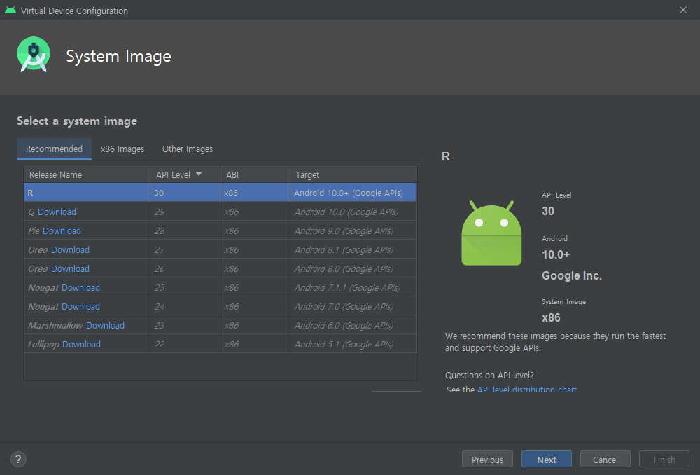 테스트하고싶은 안드로이드 OS 버전을 선택 한 후 Next
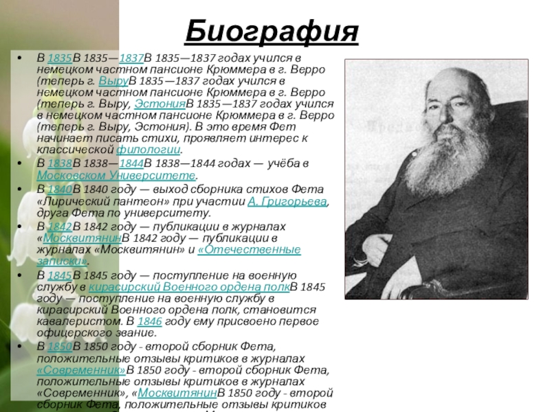 г. Верро (теперь г. ВыруВ 1835—1837 годах учился в немецком частном пансионе Крюммера в г. Верро (теперь г. Выру, ЭстонияВ 1835—1837 годах учился в немецком частном пансионе Крюммера в г. Верро (теперь г. Выру, Эстония). В это время Фет начинает писать стихи, проявляет интерес к классической филологии.
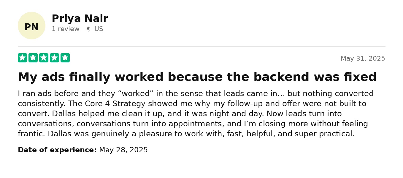 Ad spend is separate. We recommend a budget based on your market, competition, and lead volume goals.
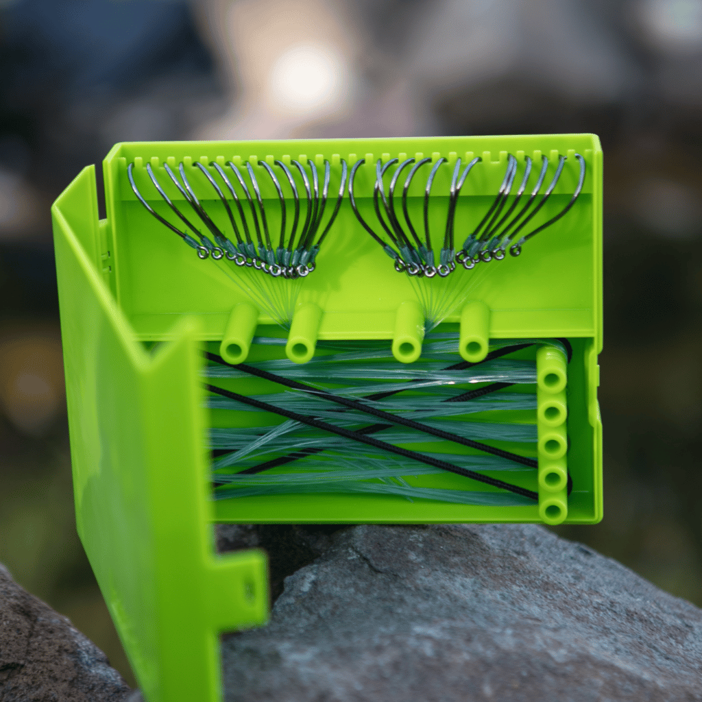 - Has the capacity to hold up to 28 pre-tied leaders without swivels or loop knots on the tail end
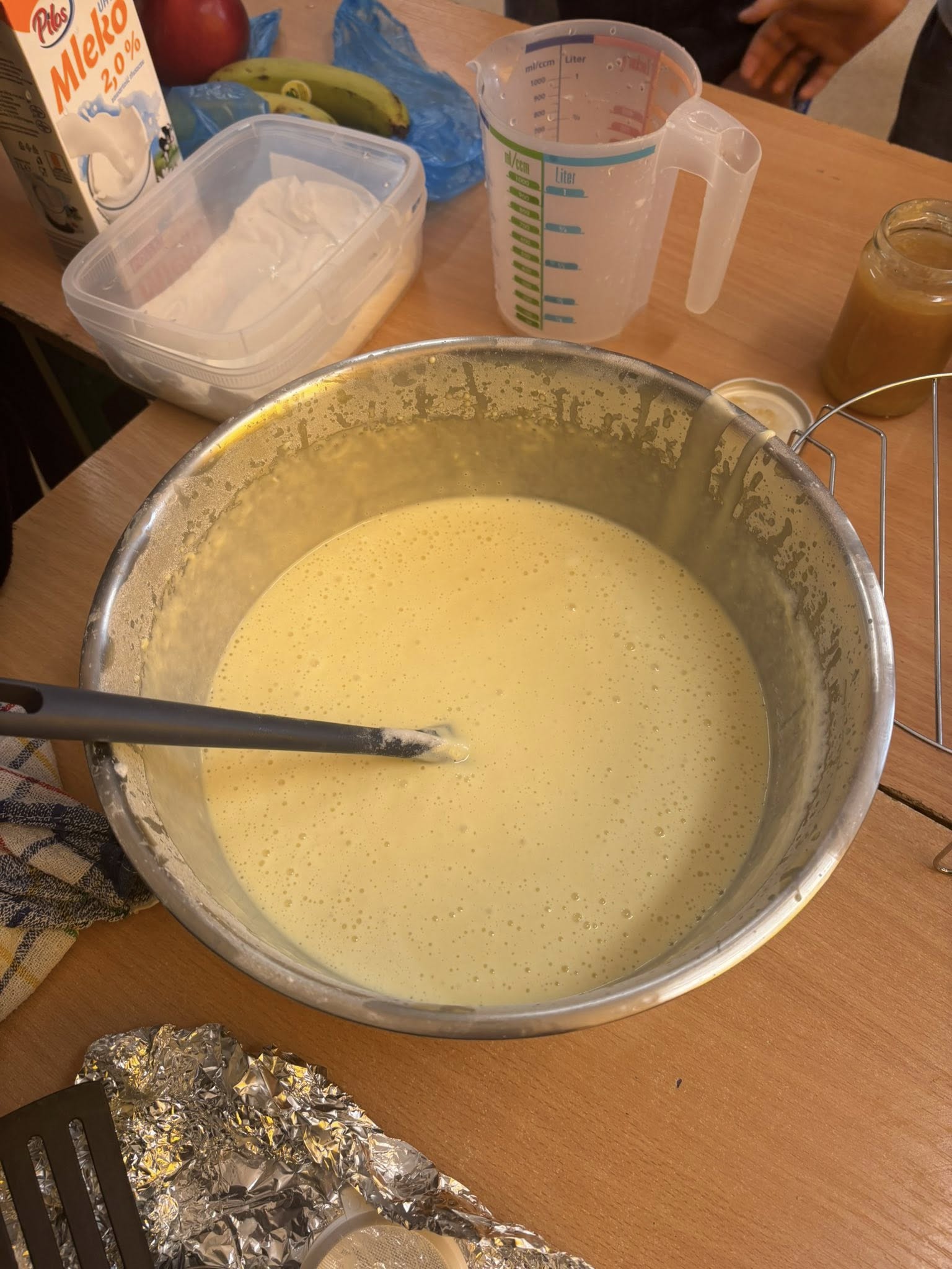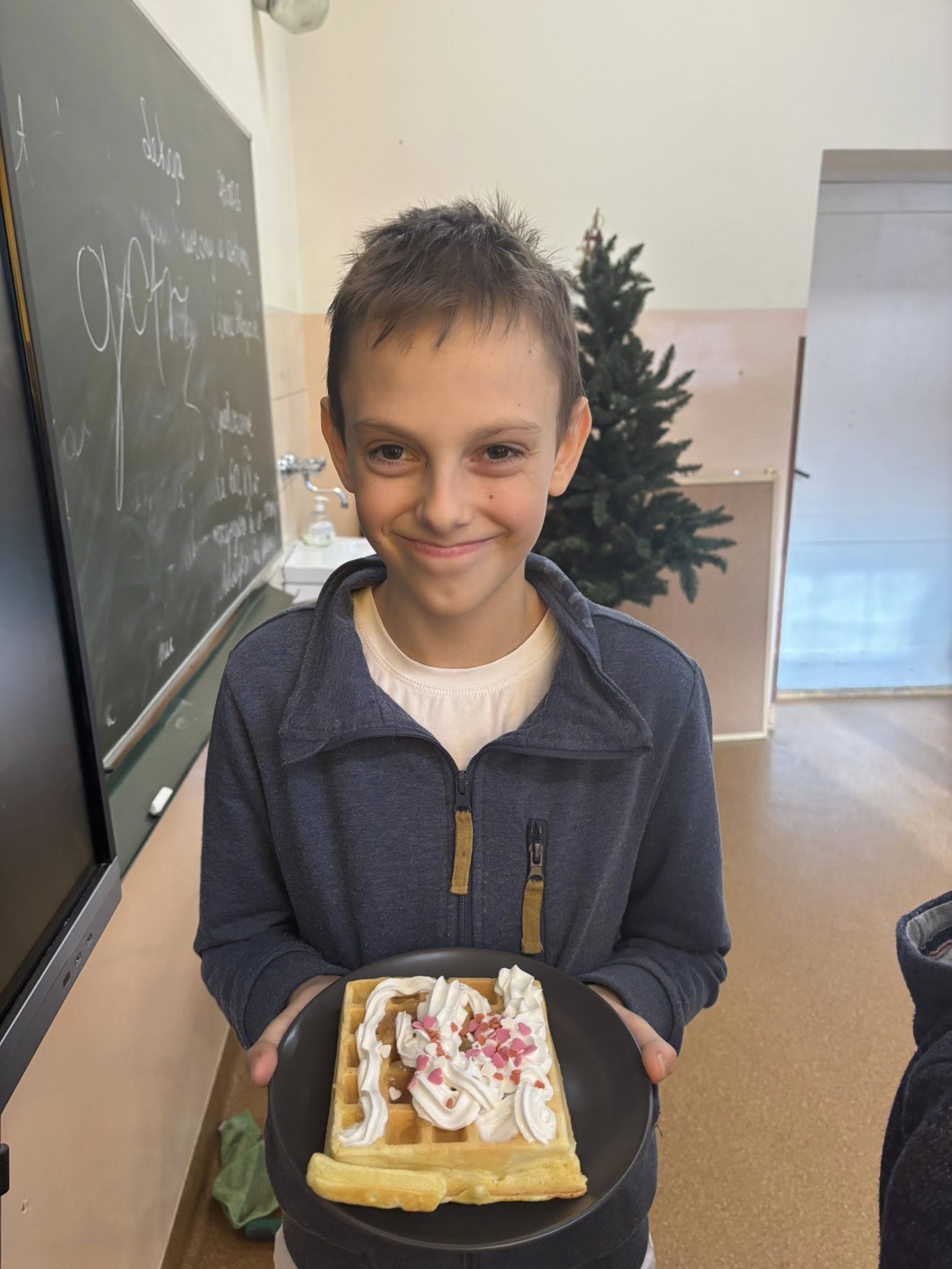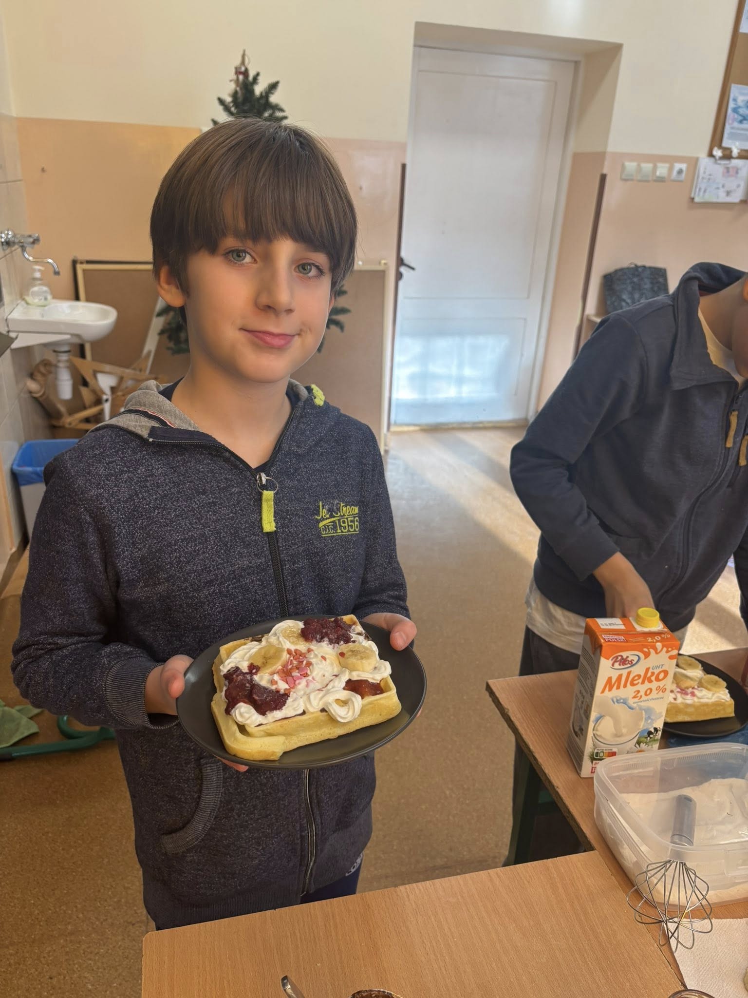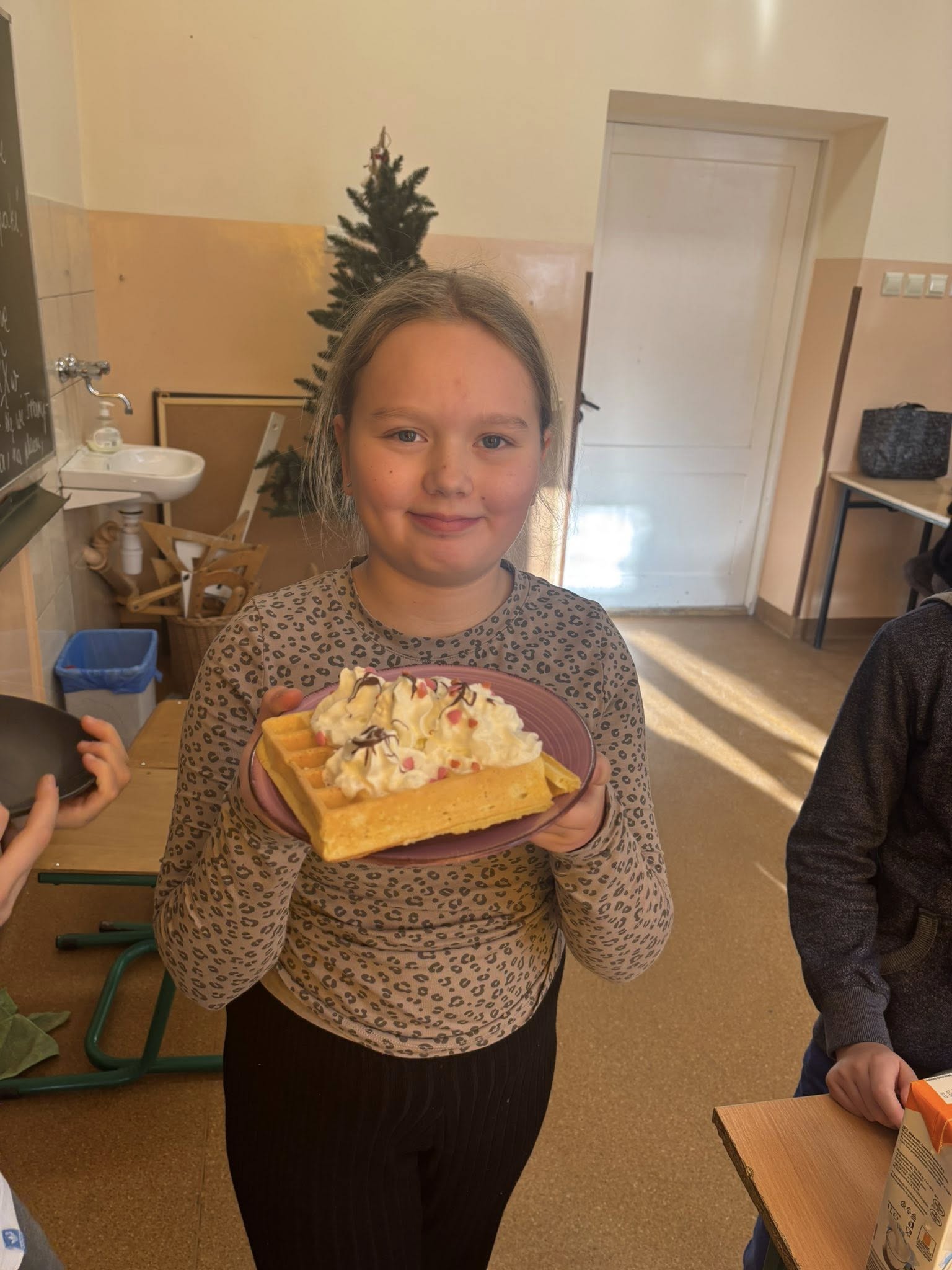 Na zajęciach dodatkowych uczniowie przygotowywali gofry. Podczas zajęć dzieci uczyły się ważyć produkty w kilogramach oraz odmierzać płyny w litrach, wykorzystując miarki kuchenne i wagę. Uczniowie z zaangażowaniem brali udział w całym procesie – od przygotowania składników po pieczenie gofrów.
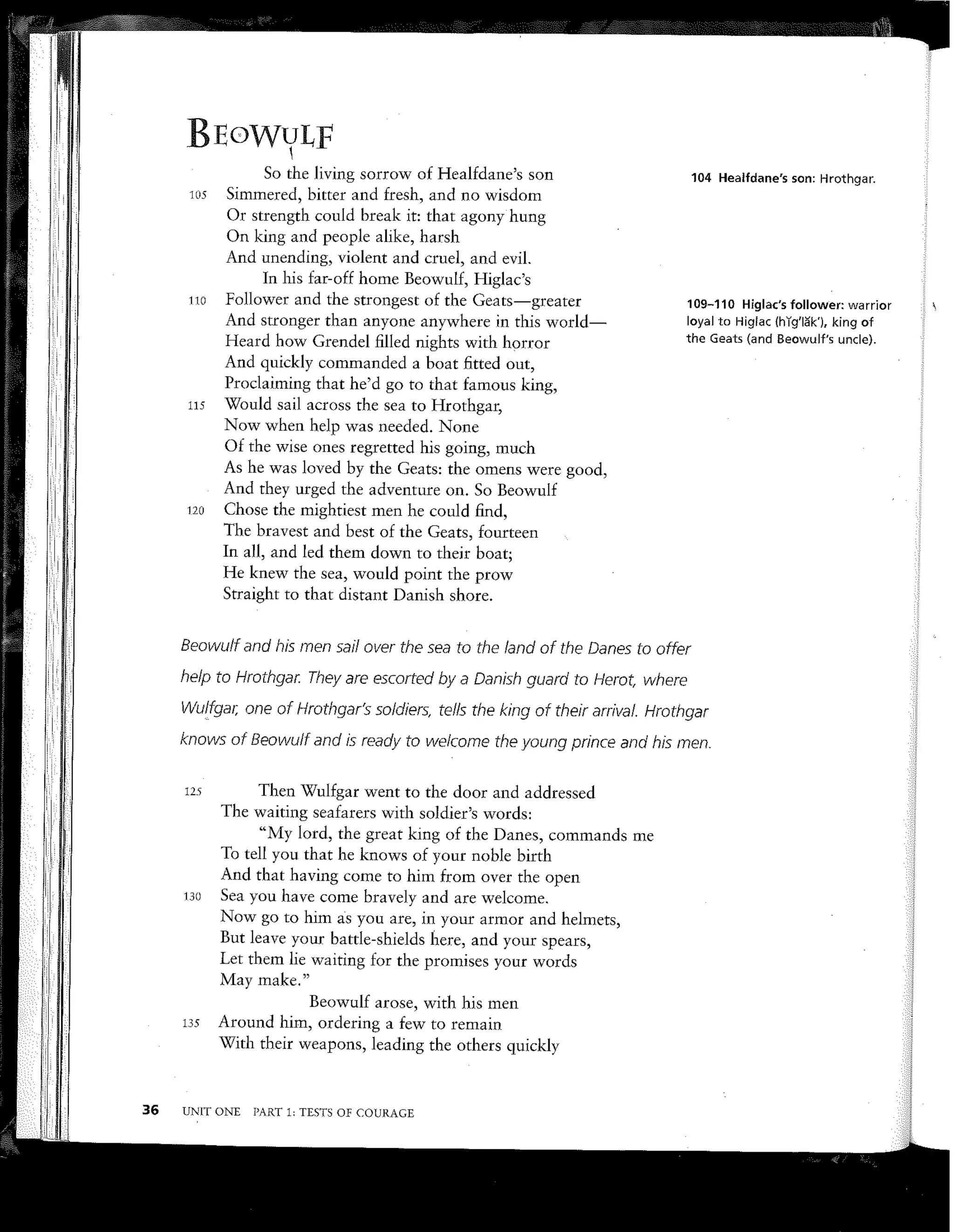 Beowulf and his men sail from Geatland to Denmark to help King Hrothgar and his people. They are escorted to the royal hall, Heorot, where Beowulf offers to fight Grendel alone and with his bare hands. He boasts of his past victories over monsters and giants. King Hrothgar accepts Beowulf's offer, hoping he can end Grendel's attacks, and invites Beowulf and his men to a feast in their honor.

Exercise: Exclude images. Return the data above verbatim.

Answer for the task:
 테스트하고싶은 안드로이드 OS 버전을 선택 한 후 Next
 г. Верро (теперь г. ВыруВ 1835—1837 годах учился в немецком частном пансионе Крюммера в г. Верро (теперь г. Выру, ЭстонияВ 1835—1837 годах учился в немецком частном пансионе Крюммера в г. Верро (теперь г. Выру, Эстония). В это время Фет начинает писать стихи, проявляет интерес к классической филологии.
 Ad spend is separate. We recommend a budget based on your market, competition, and lead volume goals.
 - Has the capacity to hold up to 28 pre-tied leaders without swivels or loop knots on the tail end
 Na zajęciach dodatkowych uczniowie przygotowywali gofry. Podczas zajęć dzieci uczyły się ważyć produkty w kilogramach oraz odmierzać płyny w litrach, wykorzystując miarki kuchenne i wagę. Uczniowie z zaangażowaniem brali udział w całym procesie – od przygotowania składników po pieczenie gofrów.
 Beowulf and his men sail from Geatland to Denmark to help King Hrothgar and his people. They are escorted to the royal hall, Heorot, where Beowulf offers to fight Grendel alone and with his bare hands. He boasts of his past victories over monsters and giants. King Hrothgar accepts Beowulf's offer, hoping he can end Grendel's attacks, and invites Beowulf and his men to a feast in their honor.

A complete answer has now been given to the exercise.